Technical information
- Licensing authority: FCC
- Facility ID: 8108
- Class: B1
- ERP: 25,000 watts
- HAAT: 98 meters (322 ft)
- Repeater: 96.5 KPSL-FM HD2 (Bakersfield)

Links
- Public license information: Public file; LMS;
- Webcast: Listen Live
- Website: radiolobo.com

= KIWI =

KIWI (102.9 FM, "Radio Lobo") is a commercial radio station licensed to McFarland, California, and broadcasting to the Bakersfield metropolitan area. The station is owned by Lotus Communications and the license is held by the Lotus Bakersfield Corporation. KIWI airs a regional Mexican radio format.
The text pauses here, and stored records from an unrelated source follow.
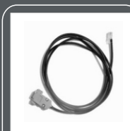
PC15 Receiver programming cable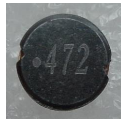
Marking with Laser-Printing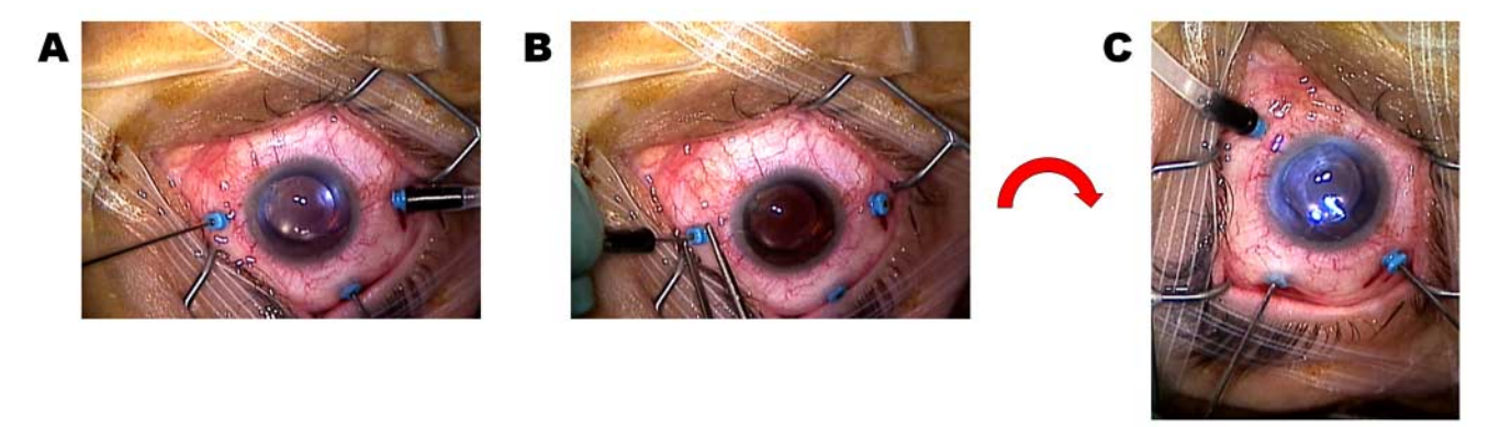
Fig. (2). The right eye of a patient undergoing 25-gauge microcannula-based transconjunctival pars plana vitrectomy (PPV). (A) The traditional approach to PPV with the infusion port placed infra-temporally and the surgeon situated superiorly operating via the two superiorly inserted microcannulas. (B) The infusion port is introduced into the supra-nasal microcannula following removal from its infra-temporal location. (C) The surgeon, the operating microscope, and the foot pedals are adjusted to a temporal orientation, and the instruments are now inserted through the temporal microcannulas for the temporal approach to PPV.

vitrectomy from the temporal side, knowing that one can easily switch to a superior approach if necessary.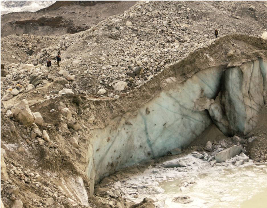
Figure 2. This debris-covered glacier in Nepal is an example of how colossal deposits of ice may be entirely covered by a thick layer of rock, protecting it from the warmer environment above. Note the size of the trekkers for proportion.

The fight to protect these glaciers took on monumental proportions and spilled into communities up and down the Andes on both sides of the border. The very names of the glaciers took on new meaning for this cryoactivist movement.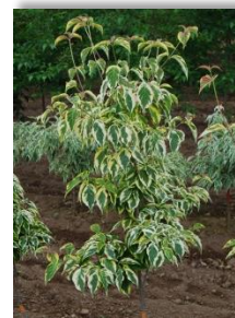
Cornus “Celestial Shadow”

Its studios are located in southwest Bakersfield.

KIWI has an effective radiated power (ERP) of 25,000 watts. The transmitter is off Blue Star Memorial Highway in Reward.

==Programming==
Programming on this station includes Cascabel and Compania on mornings, Isidro Roman on mid-days and Victor Victor on afternoons.